Paris (AFP) - Consumption patterns in wealthy European Union countries are having detrimental environmental impacts in poorer EU nations, a study Thursday found, exposing harmful inequalities on the continent.
The study looked at 10 key environmental impacts -- including greenhouse gas emissions, toxins in water and soil, air pollution and land use -- in supply chain countries and stacked them up against GDP levels in EU nations.
The negative impacts went beyond Europe -- Brazil, China, India and Japan were included -- but the most striking findings were on the continent.
"There are huge inequalities between the EU, and that was the surprising thing," said the study's co-author Klaus Hubacek from the University of Groningen in the Netherlands.
Poorer countries within the EU were affected, but also non-EU countries like Albania, Montenegro, Serbia, Ukraine and Moldova, said the study, published Thursday in Nature Sustainability.
"Eastern Europe consistently ranked as the region receiving the lowest share of economic value added compared to environmental pressures and impacts associated with EU consumption," the press release said.
The researchers studied a "giant matrix" of data from 1995 to 2019, Hubacek said, examining GDP growth related to consumption of things like food, clothing, manufactured products and services, compared to environmental impact.

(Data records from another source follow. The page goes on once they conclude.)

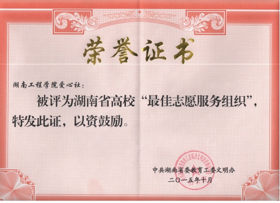 “爱心社”击败众多竞争对手,荣获湖南省高校“最佳志愿服务组织”称号。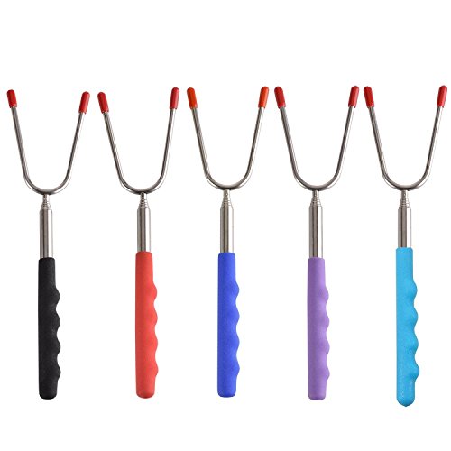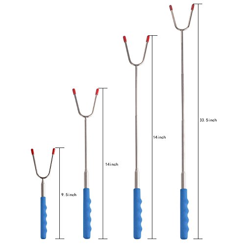- ✓Extendable of the Fork’s Length: 34 inch extra-long extendable telescoping forks and it can adjust the length according to your need and keep you and your kids at a safe distance from the fire pit. Sharp tips are protected with rubber, which makes them be perfect for children and let them a must for BBQ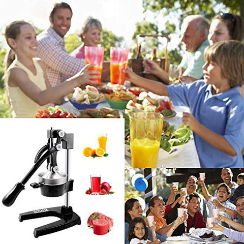 PURE DELICIOUS JUICE & HEALTH LIFE: Different with an electric juicer machine, our hand press commercial citrus juicer will not rub the rind, so you can enjoy the good taste juice without bitter rind taste. This large commercial juice press extracts every last drop out of oranges, grapefruits, lemons, limes, pomegranates with handy and professional juice press.
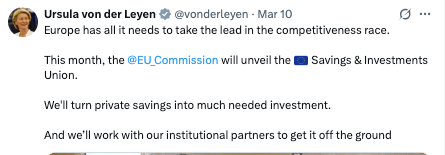 “We’ll turn private savings into much needed investments.” There is of course lots to unpack in these statements. First of all, private savings would tend to imply that the money belongs to the private citizens of Europe. Presumably they have made an assessment of risk and decided that saving the money is a superior option to deploying it. Those reasons might be that investments in Europe tend to be in 18th century windmill technology which citizens are declining to support with their own capital.

They found that wealthier European nations saw a positive GDP impact, while "outsourcing" environmental impact to places providing consumer goods.
The impacts "increased notably outside the EU, while decreasing within the bloc," the study said.
'Winners and losers'
Some of the environmental impacts come down to lax environmental laws in poorer countries, or reliance on older technologies and equipment that could be harmful or more polluting -- some of which would not be allowed in EU countries.
The impact was also seen within the EU.
Agricultural producers Spain and Greece, for example, saw disproportionate impacts on water, biodiversity and land use compared to the economic benefits from producing goods largely exported beyond their borders.
"It's a fascinating part of the picture that we have rich and poor, and winners and losers, within countries and regions," Hubacek told AFP.
He said consumers could shift consumption patterns -- eating less inexpensive meat from countries with lax environmental laws, for example -- but also called on the EU to roll out tougher import rules.
One solution could be to impose a border tax adjustment so goods from countries where environmental impact is higher would face higher import tariffs.
"It's improving the efficiency along the entire supply chain, meaning we have to improve the environmental problems here, as well as abroad," Hubacek said from the Netherlands.
"We can't just focus on our own little backyard, but also see what damage we do elsewhere."
The research was initiated by Greenpeace, which wanted to examine the impact of the EU's Green Deal climate plan.